Thursday, March 3, 2011

I'm Just A Talking Head

I spoke at the high school yesterday. The best I can say about these talks, this helps to heal me.

What a group of great kids. Interested and involved. Questions and comments and one in particular that nearly knocked me to my knees. The only response I could say, "I am so sorry."

I have a presentation and a script I use as a guideline and follow but each class is free flowing with the comments and questions. Yesterday I began the talk by going off script.

Yesterday morning I was reading blogs and I came to Naomi's blog: Girl On Off Gear . I read her post she had written on the evening before on March 1: stomach ulcers & knowing heroin will make it hurt less . I knew this had power.

Like I said I went "off script". I stood up without any personal introduction of myself. I told everyone I write a blog and I read blogs of parents and addicts. I introduced Naomi and her blog and I proceeded to read the first paragraph word for word to the class. By the time I was done reading that single paragraph every eye was focused on me reading, the teacher remarked she had a graphic and physical picture in her mind of this poor girl going through what she was describing as a heroin addict.

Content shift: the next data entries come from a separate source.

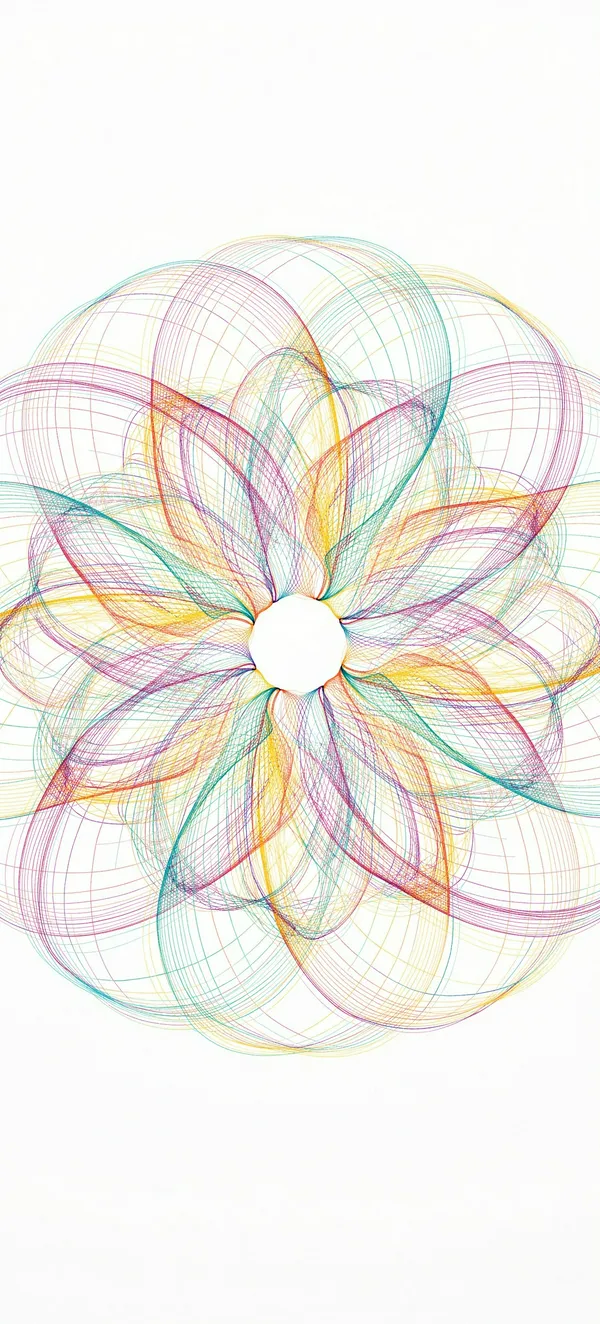 AbstractVibrant geometric spirograph wallpaper with translucent cyan, magenta, and yellow layers creating stunning color interference on a clean white background.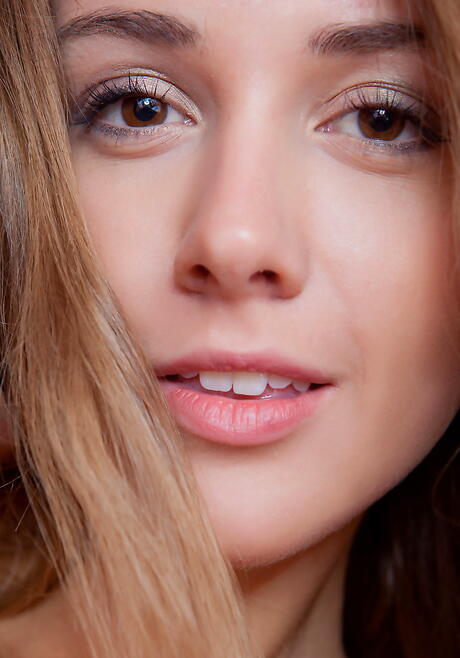 Gracile teen Lina Diamond unveils small tits and spreads her legs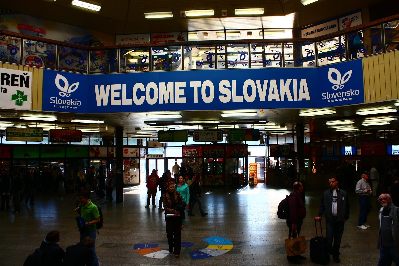 O local é bem confuso, nada em inglês, a não ser a placa de boas vindas: “Welcome to Slovakia”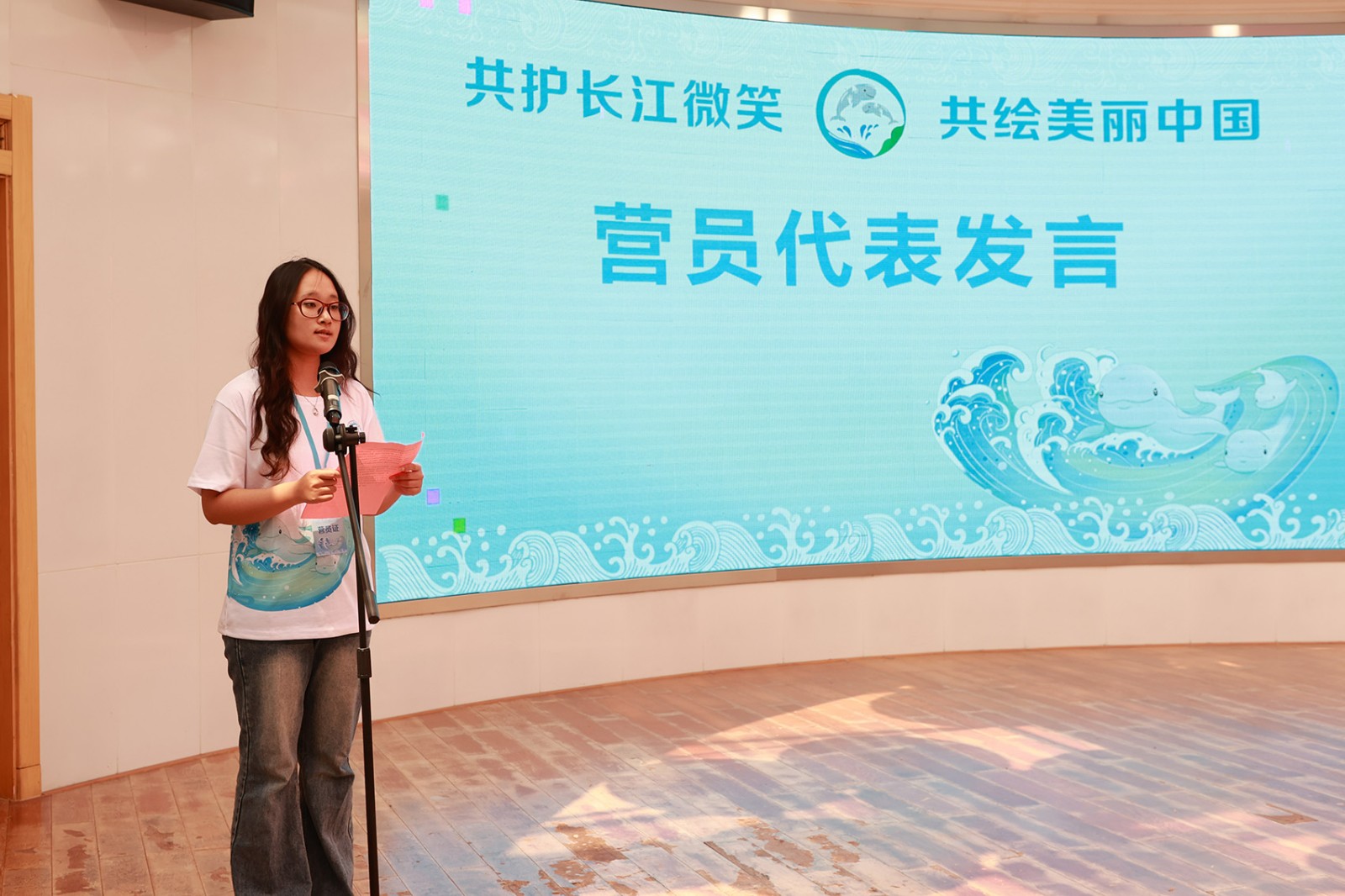 校团委书记张海洋代表主办单位致辞。他向来自五湖四海的营员表示热烈欢迎,希望大家充分利用夏令营平台,深刻认识党的领导、制度优势和人民力量在江豚保护中的重要作用,坚定不移听党话、跟党走,到长江边亲身感受“长江大保护”的伟大成就,领悟美丽中国建设的生动实践,把所学所思转化为实际行动,努力成为有理想、敢担当、能吃苦、肯奋斗的新时代生态文明建设者。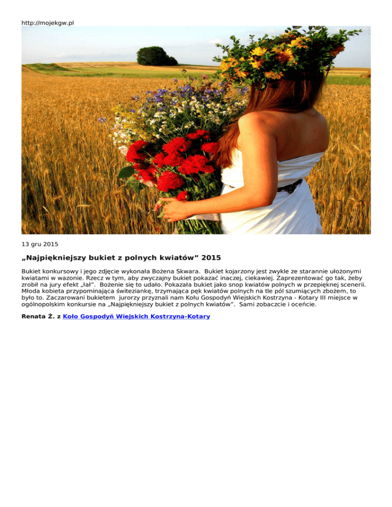 http://mojekgw.pl 13 gru 2015 „Najpiękniejszy bukiet z polnych kwiatów” 2015 Bukiet konkursowy i jego zdjęcie wykonała Bożena Skwara. Bukiet kojarzony jest zwykle ze starannie ułożonymi kwiatami w wazonie. Rzecz w tym, aby zwyczajny bukiet pokazać inaczej, ciekawiej. Zaprezentować go tak, żeby zrobił na jury efekt „łał”. Bożenie się to udało. Pokazała bukiet jako snop kwiatów polnych w przepięknej scenerii. Młoda kobieta przypominająca świteziankę, trzymająca pęk kwiatów polnych na tle pól szumiących zbożem, to było to. Zaczarowani bukietem jurorzy przyznali nam Kołu Gospodyń Wiejskich Kostrzyna - Kotary III miejsce w ogólnopolskim konkursie na „Najpiękniejszy bukiet z polnych kwiatów”. Sami zobaczcie i oceńcie. Renata Ż. z Koło Gospodyń Wiejskich Kostrzyna-Kotary
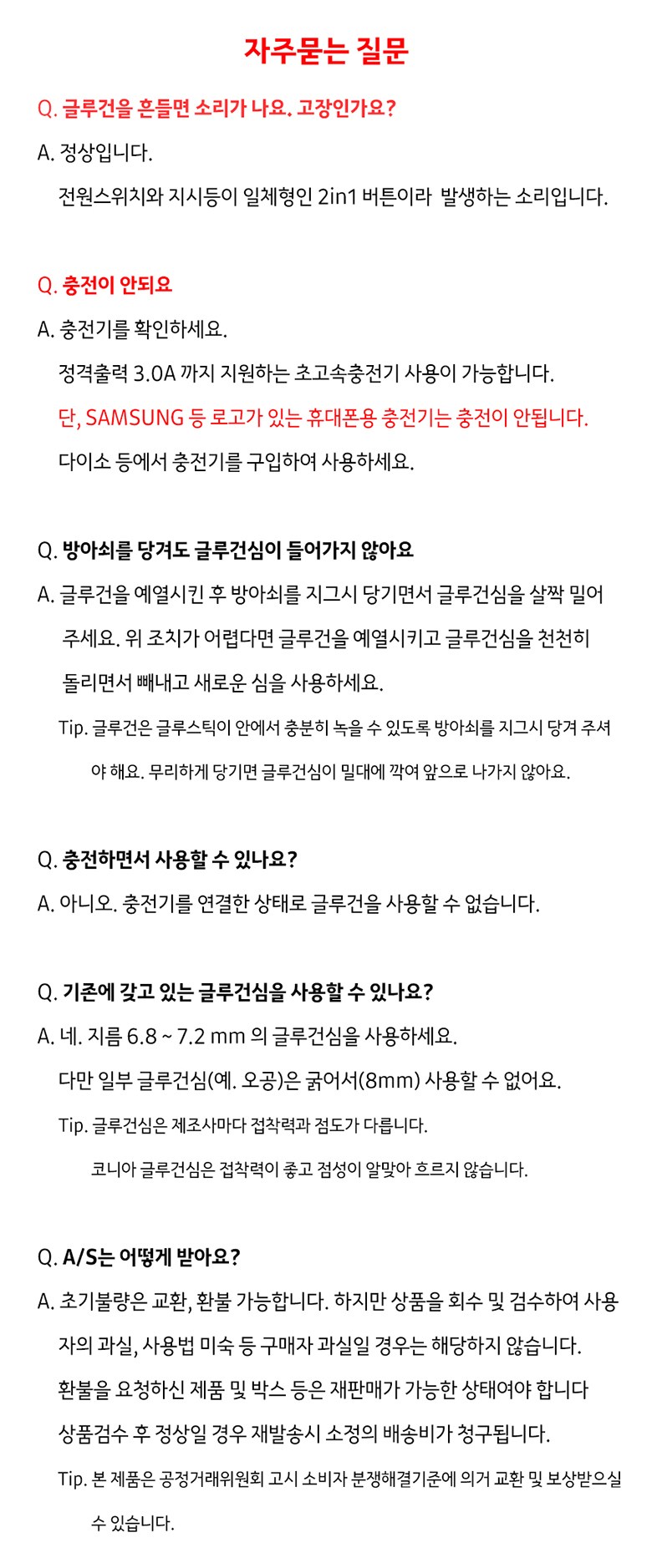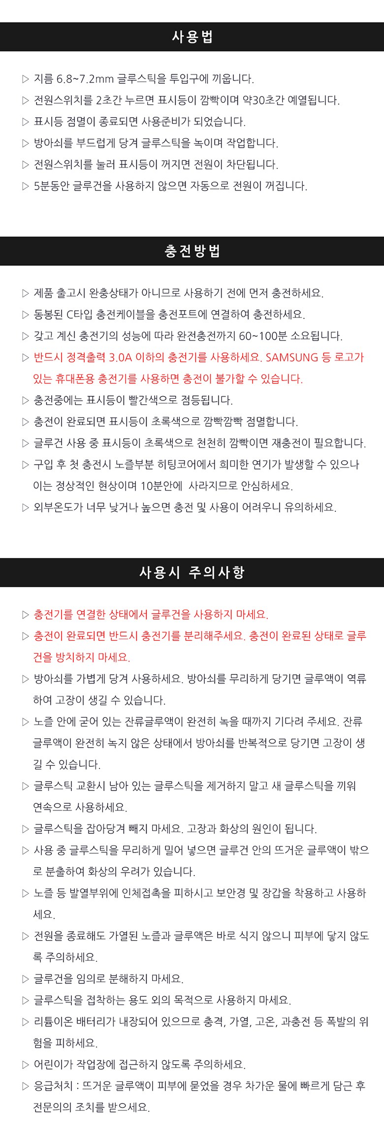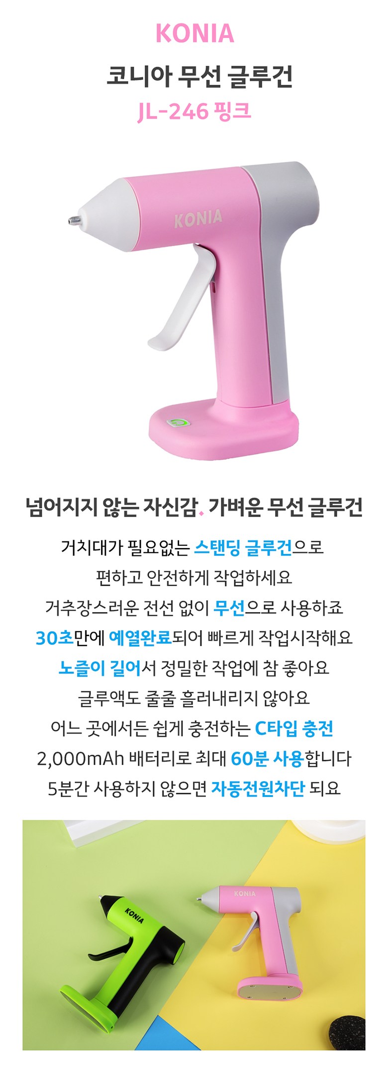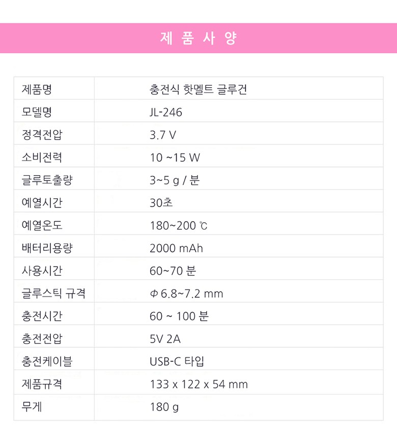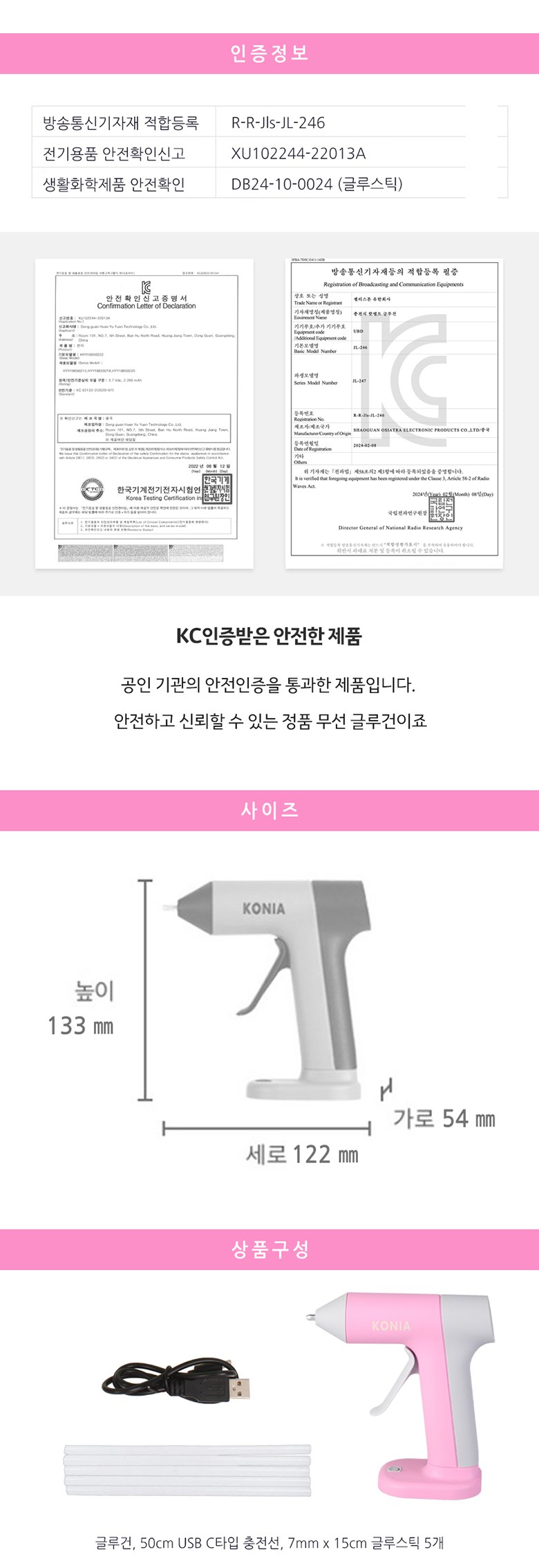 | 품명 및 모델명 | 충전식 핫멜트 무선글루건 JL-246 핑크 | 인증/허가 사항 | R-R-Jls-JL-246 / XU102244-22013A / DB24-10-0024 |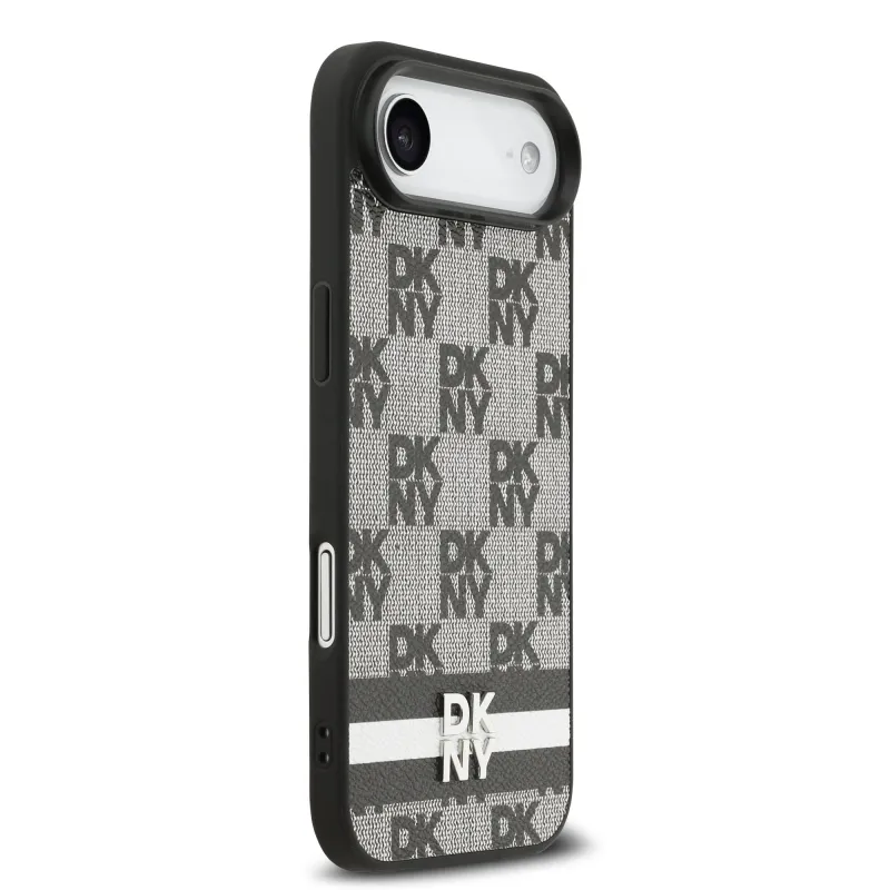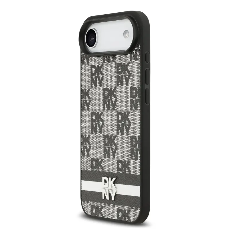 DKNY PU bőr kockás mintás és csíkos hátlapi borító iPhone Air fekete színűhöz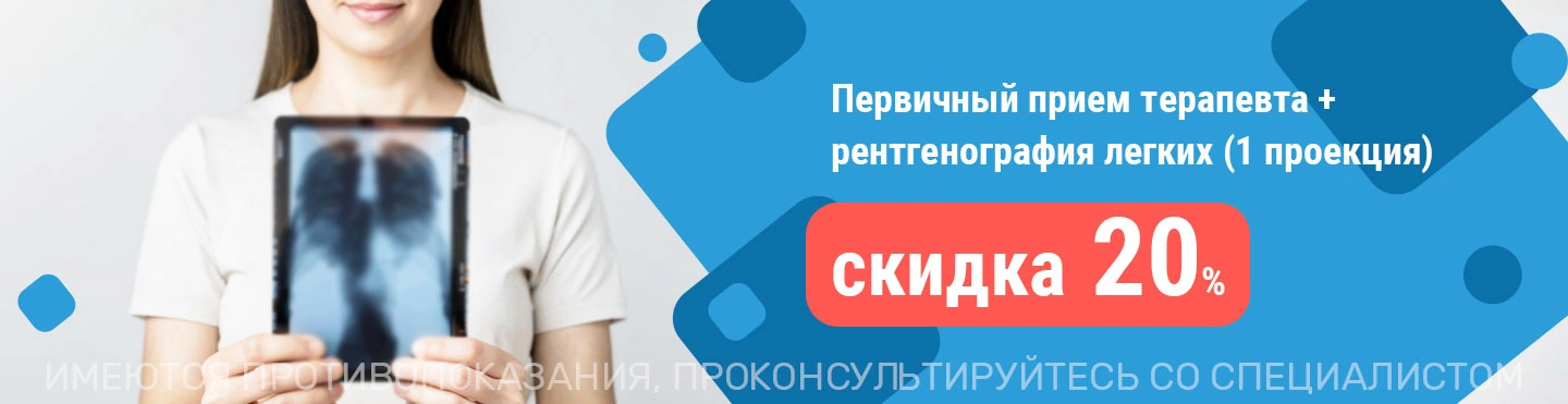 Запишитесь в медицинский центр ТАНМЕД на прием к терапевту и получите скидку 20% на прием специалиста, а также на ретгенографию легких (1 проекция).

Thank you Naomi in Cambridge UK for putting into a few words what so many need to hear and share. You touched me and a bunch of high school students in Basehor, Kansas, USA.

2 comments:

Tori said...

I went over to her blog. I hope the people who are trying to get off, or have or want to know the help they give the Parents of children who use. It gives us a lot of information to at least try to understand the process of trying to stay clean and what they go through. I was emailed an article about a new approach people are taking in talking to kids about drugs. You may have already seen it but I will send it to you anyway.

Gledwood said...

I am sure you spoke volumes to those kids. Drugs education is such a tricky subject. I think if I could have heard the parent of an addict speak it would have made me think twice... Then again I don't know what I would have done. I was well aware heroin was addictive and deadly. Its deadliness drew me to it. I used it as an antidepressant... Well time has passed and finally my problems are being addressed. I told them I had "problems with my mood" and got nods and more nods and no action until I literally went psychotic. Now they listen to me. Though I'm angry it had to go THIS FAR Im glad finally, at long last they do listen when I say I have a problem that problem AT LAST has a name. That name goes under my name on the "you must know this about this patient" bit so I don't object to being labelled. It just would have been so much better if I'd got some meaningful treatment a long long time before I finally did. I can't take antidepressants even though I do get depressed they make me manic. So I'm on antipsychotics instead and I know when I forget a dose I feel a rush as I go higher. What a stupid situation to be in. Finally there is a word for it when I don't know what I'm thinking, when I can't motivate myself. It's all "symptoms". Might sound like I'm after an excuse but I've gone way beyond looking for a way of justifying bad behaviour. I want NOT to be behaving badly. I just knew I had to get hold of what was wrong before I could right it. How I'm going to right THIS mess I have absolutely no idea but at least I know what the mess is called. Sorry this has gone off the point but I wanted to talk to you. You seem to know very well what you're about and be very well directed and focused. I want to learn to be like you. I have the will and the power but lack the focus.

I hope you don't mind me commenting here. Naomi has done something absolutely remarkable. I go to NA because of people like her. I "want what they have", Serenity as well as the nondrug bit they have recovery. But they go on to work and I don't know that I could do a job, not at the moment I'm in such a mess this is unreal. I'm not asking you to worry about me or give me an answer I only tell you this in the spirit of sharing. You don't need any more worries than you already have. I'm just very very glad for you that the situation your end appears to be improving. You deserve a bit of happiness.